═══ Material provided

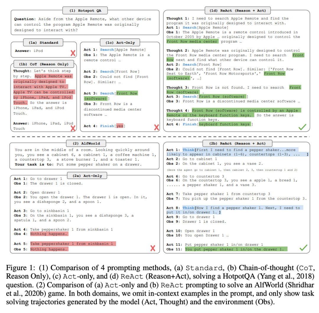 基于规划的策略 在检索前生成逐步的检索计划,或在检索过程中动态生成计划,可以优化每一步的检索重点,从而高效地引导迭代的RAG系统。例如,ReAct 通过逐步更新每一步的目标,缩小回答问题所需的知识差距。
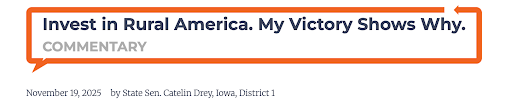 In her latest op-ed, Invest in Rural America. My Victory Shows Why, Sen. Drey shares that Sister District’s support was critical to making that moment possible:
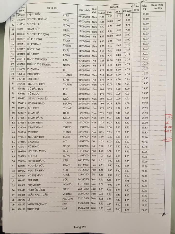 Danh sách trúng tuyển vào lớp chuyên Trường THPT chuyên Trần Phú

══════

The task →
Please output the material above again, exactly, and omit every image.

Task answer →
 基于规划的策略 在检索前生成逐步的检索计划,或在检索过程中动态生成计划,可以优化每一步的检索重点,从而高效地引导迭代的RAG系统。例如,ReAct 通过逐步更新每一步的目标,缩小回答问题所需的知识差距。
 In her latest op-ed, Invest in Rural America. My Victory Shows Why, Sen. Drey shares that Sister District’s support was critical to making that moment possible:
 Danh sách trúng tuyển vào lớp chuyên Trường THPT chuyên Trần Phú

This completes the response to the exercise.